____ Dataset excerpt
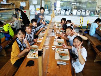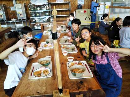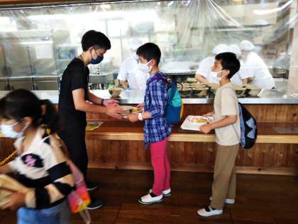花背山の家 宿泊学習4 公開日 2022/09/14 更新日 2022/09/14 5年生 昼食の時間です。 一人ずつトレーにおかずをのせて、グループに分かれていただきます。 おいしくておかわりする人もいました。
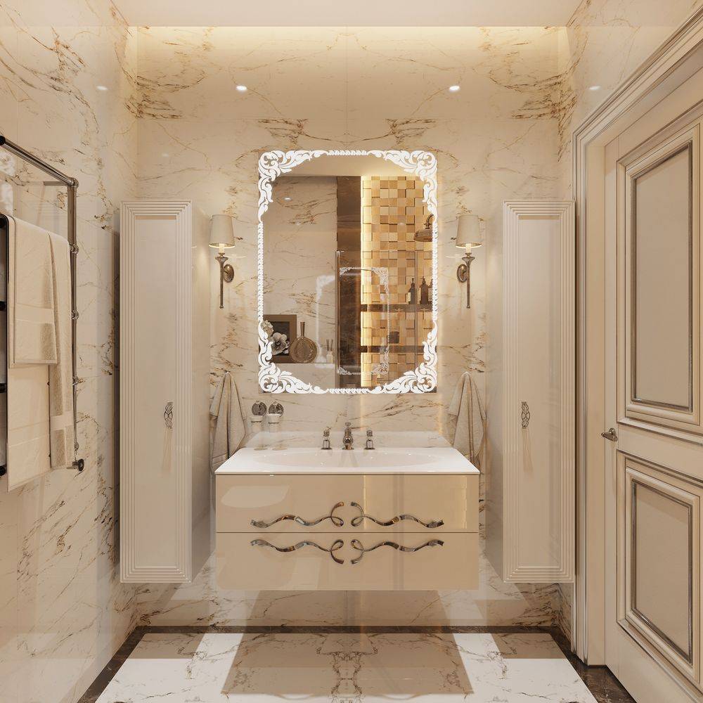 - В ванной. Ванная без зеркала – это как кухня без плиты. Форма и размер может быть любым, но место выделяется всегда одно: над раковиной. Подсветка выполняет важную роль: делает более комфортными ежедневные гигиенические процедуры.
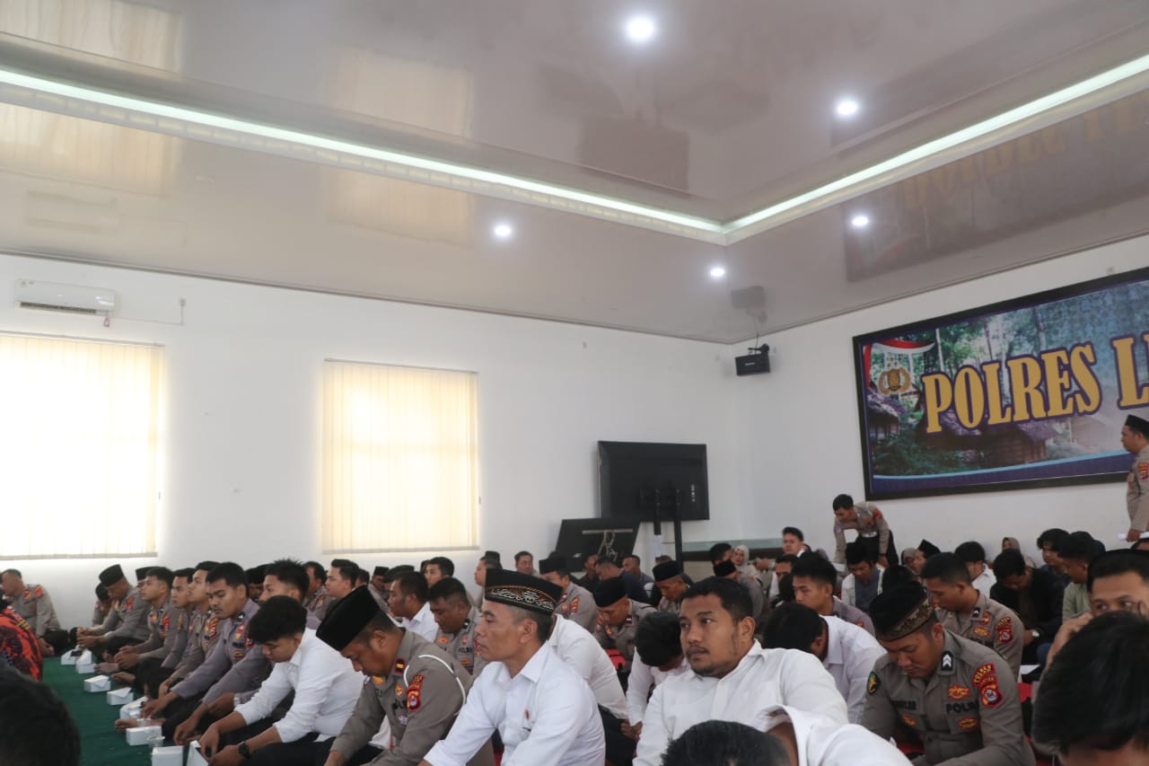 Kegiatan yang dimulai pukul 16.00 WIB tersebut dihadiri langsung oleh Kapolres Lebak AKBP Herfio Zaki, S.I.K., M.H., Wakapolres Lebak Kompol Eddy Prastyo Hermawan, S.E., M.M., Ketua MUI Kabupaten Lebak KH. Pupu Mahpudin, Ketua PCNU Kabupaten Lebak KH. Asep Saefullah, Ketua FSPP Lebak K.H.Ade Bujaeremi, Ketua BKSAG Kabupaten Lebak Pendeta Gideon, Ketua Yayasan Avalokitesara Romo Kiat Koen, para Pejabat Utama Polres Lebak, bintara dan ASN Polres Lebak, serta perwakilan organisasi masyarakat dan OKP mahasiswa.
________
**Work instruction:** Copy all the material above exactly, but skip each image.

**Answer to this exercise:**
花背山の家 宿泊学習4 公開日 2022/09/14 更新日 2022/09/14 5年生 昼食の時間です。 一人ずつトレーにおかずをのせて、グループに分かれていただきます。 おいしくておかわりする人もいました。
 - В ванной. Ванная без зеркала – это как кухня без плиты. Форма и размер может быть любым, но место выделяется всегда одно: над раковиной. Подсветка выполняет важную роль: делает более комфортными ежедневные гигиенические процедуры.
 Kegiatan yang dimulai pukul 16.00 WIB tersebut dihadiri langsung oleh Kapolres Lebak AKBP Herfio Zaki, S.I.K., M.H., Wakapolres Lebak Kompol Eddy Prastyo Hermawan, S.E., M.M., Ketua MUI Kabupaten Lebak KH. Pupu Mahpudin, Ketua PCNU Kabupaten Lebak KH. Asep Saefullah, Ketua FSPP Lebak K.H.Ade Bujaeremi, Ketua BKSAG Kabupaten Lebak Pendeta Gideon, Ketua Yayasan Avalokitesara Romo Kiat Koen, para Pejabat Utama Polres Lebak, bintara dan ASN Polres Lebak, serta perwakilan organisasi masyarakat dan OKP mahasiswa.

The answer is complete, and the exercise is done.